The San Juan Daily Star
Morning Bid: Dollar rockets as Powell trumps AI
Raindrops hang over a Wall Street sign outside the New York Stock Exchange in Manhattan on October 26, 2020 in New York City, New York, US. REUTERS/Mike Sager/File Photo Get Licensing Rights
A look at the day ahead for US and global markets from Mike Dolan
Hopes of a late-August rally in world markets fizzled out as investors looked forward to a deeper assessment of the long-term interest rate trajectory from the Federal Reserve boss on Friday – pushing the dollar higher again in the process.
Fed Chairman Jerome Powell will deliver the keynote address at the annual Central Banking Symposium in Jackson Hole at 1405 GMT. Nervousness about the speech largely explains why discussion about artificial intelligence again dampened Thursday after this week’s stellar Nvidia results.
And given the growing contrast in economies on both sides of the Atlantic, Powell’s words are expected to convey a different message from European Central Bank President Christine Lagarde, delivered later in the day at 1900 GMT.
Business surveys for August this week underscored that activity is shrinking in the euro area but still expanding in the States. The omission strengthened the picture in another poll by Germany’s Ifo on Friday.
As a result, the euro/dollar exchange rate fell to its lowest level in more than two months on Friday – 4.5% below July’s peak, as US long-term bond yields began their upward march through August again .
The dollar index rose to its highest since June 7 against most-traded currencies (.DXY), while sterling also retreated sharply to June levels as UK economic clouds gathered.
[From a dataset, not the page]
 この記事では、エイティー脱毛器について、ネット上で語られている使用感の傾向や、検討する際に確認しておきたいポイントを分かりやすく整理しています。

The dollar’s jump ahead of the Jackson Hole set-piece was a modest change in Fed futures pricing, which now indicates a more than 50% chance of a Fed rate hike to 5.5-5.75% next month.
While there hasn’t been a major change in pricing, the changing constraints put the onus on Powell to return to the market if he really wants to signal that the Fed is done with its rate hike campaign.
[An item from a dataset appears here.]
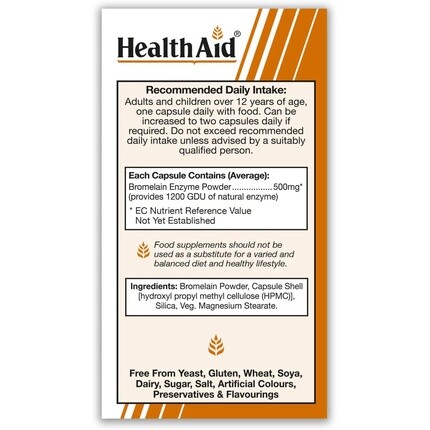 Бромелайн 500 мг 30 растительных капсул, Healthaid

Some of his aides indicated on Thursday that the central bank has indeed done enough to tighten the policy rate – and may continue to drive inflation down by keeping rates high longer. This allows it to reduce the traditional lag in credit tightening while keeping the long-term bond markets under its control.
Philadelphia Fed President Patrick Harker and Boston Fed President Susan Collins tentatively welcomed the recent jump in bond market yields, which complement the Fed’s work to bring inflation back to the 2% target and prevent another hike Can do.
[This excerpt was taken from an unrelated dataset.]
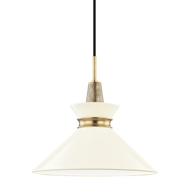 Kiki 1 Light Pendant 14 In. Aged Brass/Cream

Collins said, “We may be close, we may even be at a place where we will stop.”
“The higher long rates are consistent with the understanding that this will take some time,” Harker said.
Certainly the latest US economic data is showing no signs of weakness, with jobless claims falling below forecast in the latest week and orders for core durables still resilient in July.
Meanwhile, market pricing for ECB and Bank of England policy rates has declined sharply in recent weeks. Money market and swap rates are now ending the ECB campaign at 3.75% with no further increases in this cycle. Implied BOE terminal rates have fallen sharply to 5.5% from 6% in July.
This helped European shares to improve the gloomy equity market mood of the past 24 hours, where Asian shares were in the red after Wall St’s sharp technical-led reversal on Thursday. US futures were mostly flat ahead of Friday’s open.
Treasury yields moved slightly higher overnight, while oil prices edged up again.
China’s stock markets were also in losses, sources told Reuters, but authorities are planning to cut stamp duty on stock trading by up to 50% – in another attempt to revive the country’s struggling stock market. The authorities have also increased the defense of Yuan.